In multiple logistic regression (Table 2), original research articles were more likely to be published as a brief report compared with a full-length article if they had statistically non-significant findings [OR = 0.27, 95% CI = (0.17–0.42)], absence of funding [OR = 0.36, 95% CI = (0.23–0.56)], lower first author h-index [OR = 0.60, 95% CI = (0.39–0.95)], and publication in a higher-impact journal [OR = 1.84, 95% CI = (1.13–2.98)].
TABLE 2.
Characteristics associated with brief report type in logistic regression
| Author characteristics | Simple regression, OR (95% CI) | Multiple regression, OR (95% CI) |
|---|---|---|
| First author gender | ||
| Male | [Reference] | [Reference] |
| Female | 0.89 (0.60–1.31) | 0.87 (0.56–1.32) |
| First author h-index | ||
| 0–5 | [Reference] | [Reference] |
| 6+ | 0.53 (0.36–0.79) | 0.60 (0.39–0.95) |
| First author country income | ||
| LMIC | [Reference] | [Reference] |
| High income | 1.16 (0.69–1.95) | 0.93 (0.53–1.63) |
| Study field | ||
| Basic science | [Reference] | [Reference] |
| Clinical | 1.81 (1.05–3.11) | 0.96 (0.51–1.81) |
| Public health | 1.56 (0.70–3.47) | 0.86 (0.35–2.11) |
| Study design | ||
| Cross-sectional | [Reference] | *Dropped due to collinearity with field |
| Case–control | 0.65 (0.36–1.15) | |
| Clinical trial | 0.46 (0.30–0.71) | |
| Statistically significant results | ||
| No | [Reference] | [Reference] |
| Yes | 0.30 (0.20–0.45) | 0.27 (0.17–0.42) |
| Sample size | ||
| 0–120 | [Reference] | [Reference] |
| 121–300 | 0.85 (0.53–1.35) | 1.04 (0.63–1.71) |
| 301+ | 0.66 (0.40–1.09) | 0.79 (0.46–1.36) |
| Open access | ||
| No | [Reference] | [Reference] |
| Yes | 0.97 (0.64–1.48) | 1.32 (0.81–2.15) |
| Study funding | ||
| No | [Reference] | [Reference] |
| Yes | 0.31 (0.21–0.45) | 0.36 (0.23–0.56) |
| Journal impact factor | ||
| 0–3.6 | [Reference] | [Reference] |
| 3.7+ | 1.48 (0.96–2.29) | 1.84 (1.13–2.98) |
Note: Statistically significant relationships are bolded.

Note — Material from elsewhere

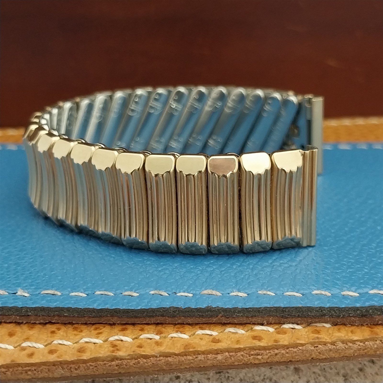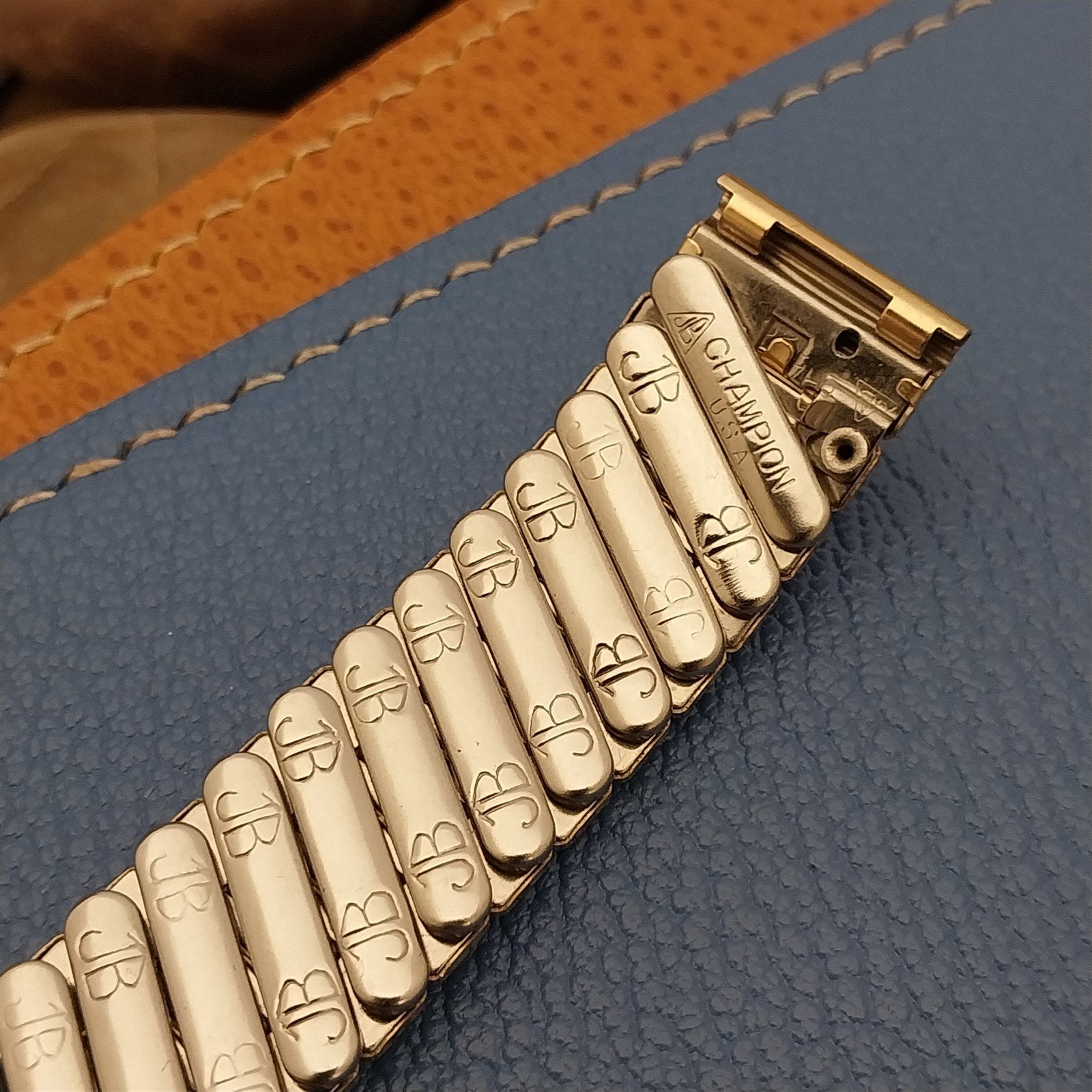 - NOS unused 1950s old-stock JB Champion 1/15 12k yellow gold-filled scissor-expansion watch bracelet.

Of 122 brief reports, 31 (25%) had paired full-length articles (Supplementary Material 4); 17 full-length articles had subsequent brief reports (14%) with a mean publication time of 27.9 months and 14 brief reports had subsequent full-length articles (11%) with a mean publication time of 29.6 months (Supplementary Material 5). Brief reports with paired full-length articles compared with unpaired brief reports were more likely to have higher number of authors (p = 0.043) and first authors with higher degrees (p = 0.0178) and h-index (p < 0.00001).
Our study found that brief reports were cited less often than full-length articles, confirming the findings of a previous microbiology study.4 Brief reports may have smaller scopes of research or focus more on hypothesis generation, which have been negatively associated with citation counts.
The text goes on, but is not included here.